Even though the training period for new conscripts could be reduced, in times of emergency, to a few weeks, the armies of the day still required several months to equip their forces properly and put themselves on a war footing. As spring drew to an end, only two of the four invading armies had assembled on the borders of France. The one commanded by the Duke of Wellington included, along with its British contingent, troops from the Low Countries and from various German principalities; the other army was Prussian, commanded by the elderly field marshal Gebhard Leberecht von Blucher. Considered alone, each of these two armies was weaker than the Armee du Nord, which Napoleon had assigned to defend his northern border. If the emperor could manage to attack them separately, therefore, he had a good chance of defeating them.

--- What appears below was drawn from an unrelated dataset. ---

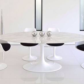 Mesa de jantar Saarinen Oval, Tampo 244x137 cm em Mármore Carrara, com contra tampo em MDF 25 mm, Base em alumínio fundido com pintura automotiva PU.

A quartered army awaiting the start of military operations occupied a vast amount of territory. Soldiers were lodged with civilians, who were legally obligated to provide the troops with room and board, and it was indispensable to spread out such a great number of men and horses if they were to obtain proper food and shelter. In early June, Wellington's and Blucher's armies were quartered over nearly all of Belgium, one in the northwest and one in the southeast. Calculating that each of these generals would need at least two or three days to concentrate his forces and give battle under optimum conditions, the emperor planned to make a surprise advance between the two armies and destroy the first one he came upon before the other could intervene. Obviously, secrecy was indispensable to the success of Napoleon's plan: In the first days of June, he closed the borders and ordered that not one man, not one carriage, not one letter should exit France. Then, very swiftly, he concentrated the Armee du Nord close to the Belgian border, and at dawn on June 15 the first cavalry patrols crossed over into enemy territory, followed at once by long columns of infantry. Thus began the Waterloo campaign, which survivors from both sides—all equally convinced of having striven in a just cause—would later consider, in the words of an English officer, "a terrible fight fought for a terrible stake: freedom or slavery to Europe."